Your copy should hold the lines below from the first through the one that contains "あいにくの雨で公園へ遊びに行", each retyped exactly, and no pictures.

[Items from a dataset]
********

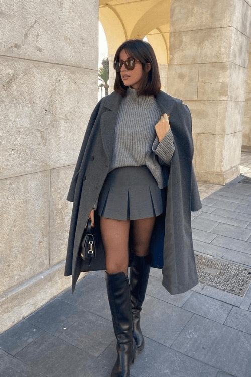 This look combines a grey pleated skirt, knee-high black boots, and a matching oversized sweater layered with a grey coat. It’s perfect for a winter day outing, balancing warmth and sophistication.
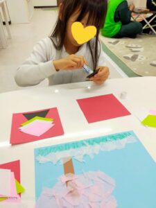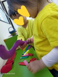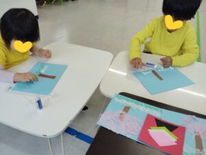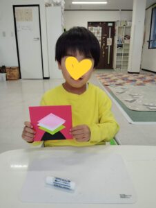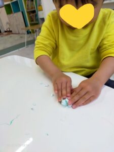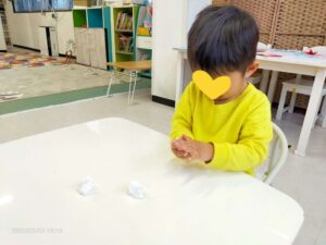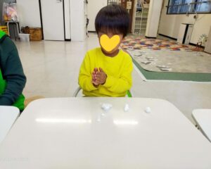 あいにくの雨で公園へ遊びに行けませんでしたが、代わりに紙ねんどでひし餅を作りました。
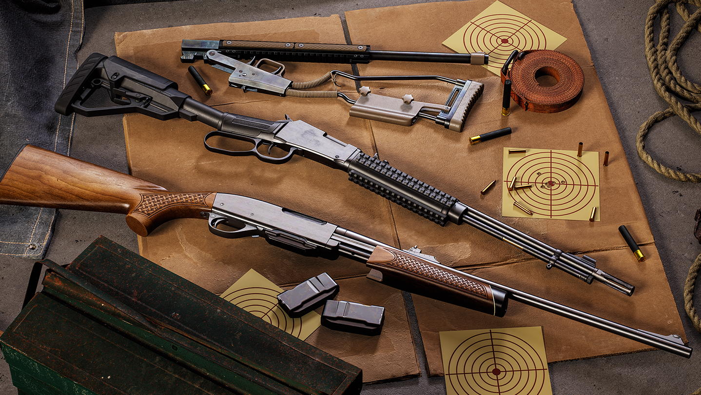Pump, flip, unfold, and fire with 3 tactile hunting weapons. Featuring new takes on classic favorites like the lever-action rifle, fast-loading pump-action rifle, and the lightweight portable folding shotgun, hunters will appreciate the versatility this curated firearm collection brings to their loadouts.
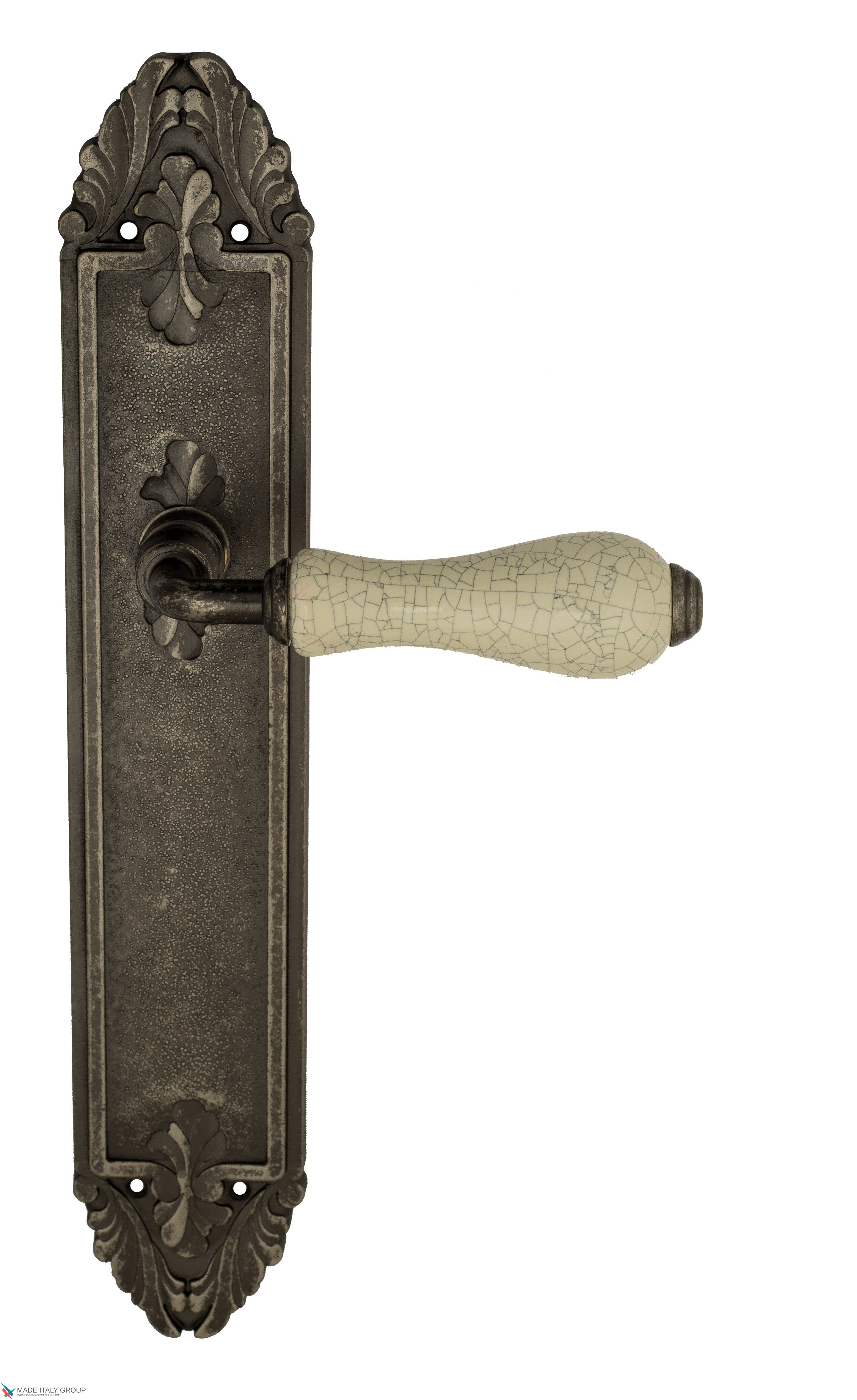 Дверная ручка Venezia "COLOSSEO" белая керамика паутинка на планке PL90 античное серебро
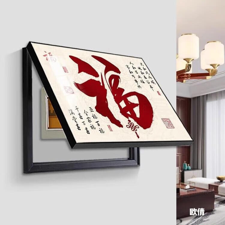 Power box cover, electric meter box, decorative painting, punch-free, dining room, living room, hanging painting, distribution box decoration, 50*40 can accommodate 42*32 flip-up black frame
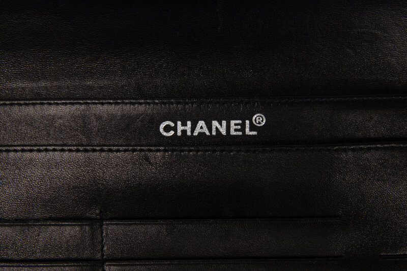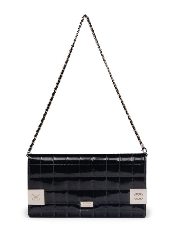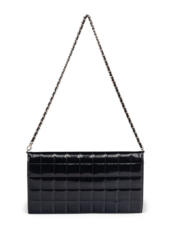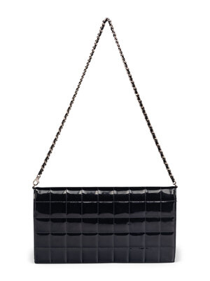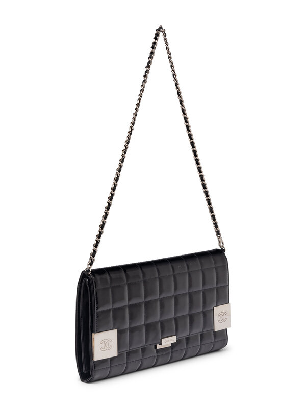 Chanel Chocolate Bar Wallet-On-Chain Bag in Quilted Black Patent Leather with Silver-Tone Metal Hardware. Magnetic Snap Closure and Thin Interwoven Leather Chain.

********

§ Exercise output:
 This look combines a grey pleated skirt, knee-high black boots, and a matching oversized sweater layered with a grey coat. It’s perfect for a winter day outing, balancing warmth and sophistication.
 あいにくの雨で公園へ遊びに行けませんでしたが、代わりに紙ねんどでひし餅を作りました。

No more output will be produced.